Traditional vulnerability discovery work is mainly performed through dynamic and static techniques. Dynamic vulnerability discovery refers to the discovery of vulnerabilities during execution by a given program specific input. According to different operation modes, the fuzzy test and dynamic symbol execution can be classified. The static vulnerability discovery technology is to detect possible vulnerability points by summarizing features of vulnerabilities reflected in programs and assisting program analysis technology. According to different vulnerability summarization modes, the vulnerability model can be divided into a manually defined vulnerability model and a machine learning model learning vulnerability model. According to different research objects, the method can be divided into source code static vulnerability mining and binary static vulnerability mining.
The above conventional vulnerability discovery work generally only considers the security of the software program itself, and does not specifically consider the security problem introduced by the compiler into the binary program. Recently, some vulnerability detection works consider the influencing factors of the compiler, are used to detect the security problems introduced by the compiler in a targeted manner, and can be mainly divided into two categories.
The first class of work is to detect vulnerabilities introduced by the compiler by static analysis methods based on their semantic features.
The second type of work is the correctness test of the compiler. The correctness test of the compiler is a process of detecting the compiler through a series of methods to ensure that the compiler meets the correctness (i.e. accords with the compiling language specification) in the compiling process. One core problem with such an approach is the test criteria, i.e. how to determine that the behavior of the compiler is correct. There are generally two types of solutions to the problem of testing criteria: differential testing (Differntial Testing) and metamorphic testing (Metamorphic Testing).
While the above approach and finding many compiler security issues, directed to introducing a source program software vulnerability to a compiler, gets a positive response from the developer, creating a large impact. However, the existing detection methods also face some common problems:
1. the universality of the detection method and the pertinence to the safety problem cannot be considered. On the one hand, the general detection methods, such as CSmith, EMI, etc., are aimed at the correctness problem of the compiler rather than the security problem. This makes some potential security issues unattractive, for example, a compiler developer does not handle these issues in time, and a compiler user does not apply a vulnerability patch of a compiler in time. This results in that both of these methods require a priori knowledge and have not been able to discover problems of unknown type.
2. It is difficult to address architecture related issues. On the one hand, the existing targeted static method does not consider the compiler optimization behavior related to the architecture, and cannot find the problem related to the architecture at all. On the other hand, the dynamic approach also suffers from the following problems: (1) difficulty of deployment of multiple architectures: many methods are difficult to migrate to multi-architecture environments because of the high degree of reliance on architecture-dependent infrastructure; (2) the effort of repeated detection is too great: the dynamic analysis of the binaries of different architectures of the same source code must be independent, which greatly increases the amount of analysis (many of which are duplicated) if multiple architectures are considered, making the coverage problem inherent in dynamic methods more serious.
Disclosure of Invention
The invention aims to: aiming at the defects of the prior art, the invention provides a compiler security testing method based on architecture cross check, which can detect software loopholes introduced by a given compiler (supporting multiple architectures) when generating binary codes.
The core idea of the invention is as follows: since the changes of the security-related code before and after compiling satisfy the architecture consistency, software vulnerabilities introduced by the compiler can be detected by comparing the changes and performing an architecture cross check.

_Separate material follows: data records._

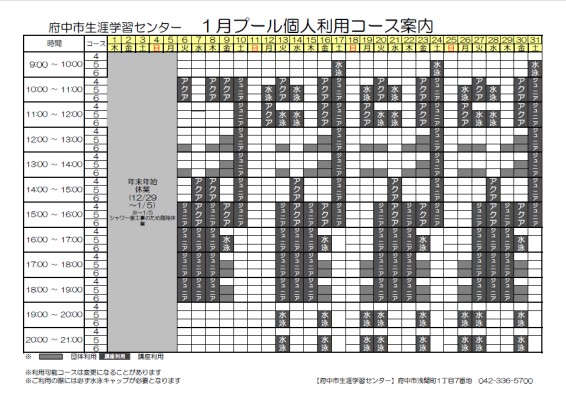 1月プール個人利用コース案内
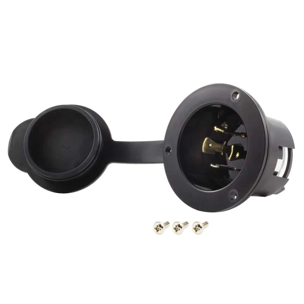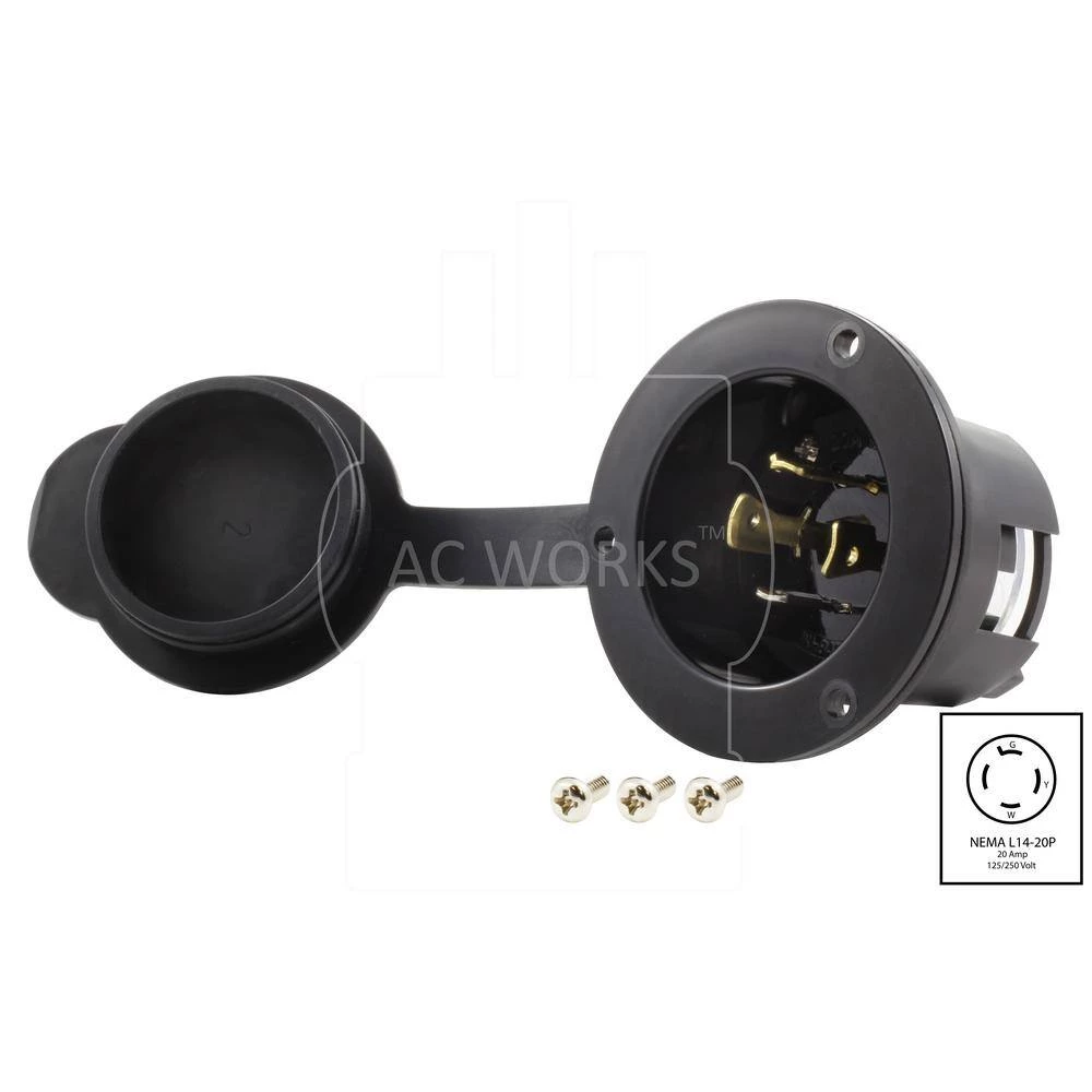 This AC works brand inlet wiring device is a heavy-duty power input connection device with weather-tight cover. It is used for an industrial and commercial grade flange inlet. This inlet works with 12 AWG (American Wire-Gauge) or above copper wire and is commonly used for residential, transfer switch, cabins and generators.
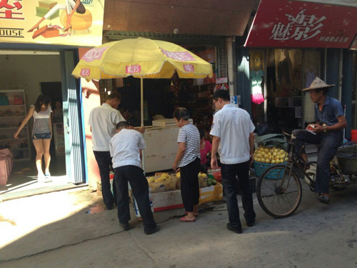 日前,琅岐城管大队二中队全体队员在中队长的带领下,冒着酷暑,对辖区内的占道经营进行规劝整治,整治的重点从镇政府门口路段及八一七街,共劝返流动摊贩13起,纠正店外店9起。
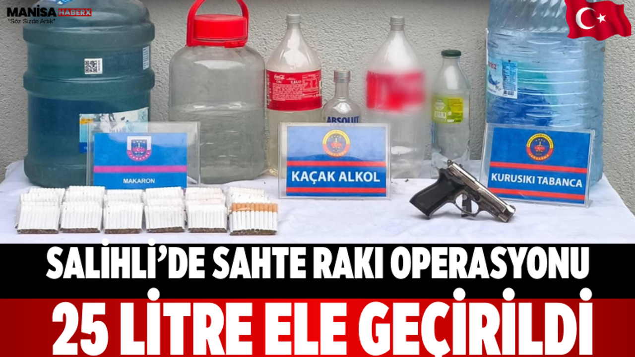 Salihli İlçe Jandarma Komutanlığı ekiplerince gerçekleştirilen aramada, A.C. (61) isimli şüpheliye ait ikamette 25 litre sahte rakı ele geçirildi. Sahte içkinin, satışa hazır halde bulunduğu değerlendirildi.

The architecture consistency is met by the security-related code changes before and after compilation because the security-related semantic segments in the system program all have specific functions and are generally architecture independent, and the architecture independence of the security functions determines that the security-related semantic segments should be consistent from architecture to architecture. If inconsistencies occur, binary code representing a certain architecture has a high probability of introducing security problems.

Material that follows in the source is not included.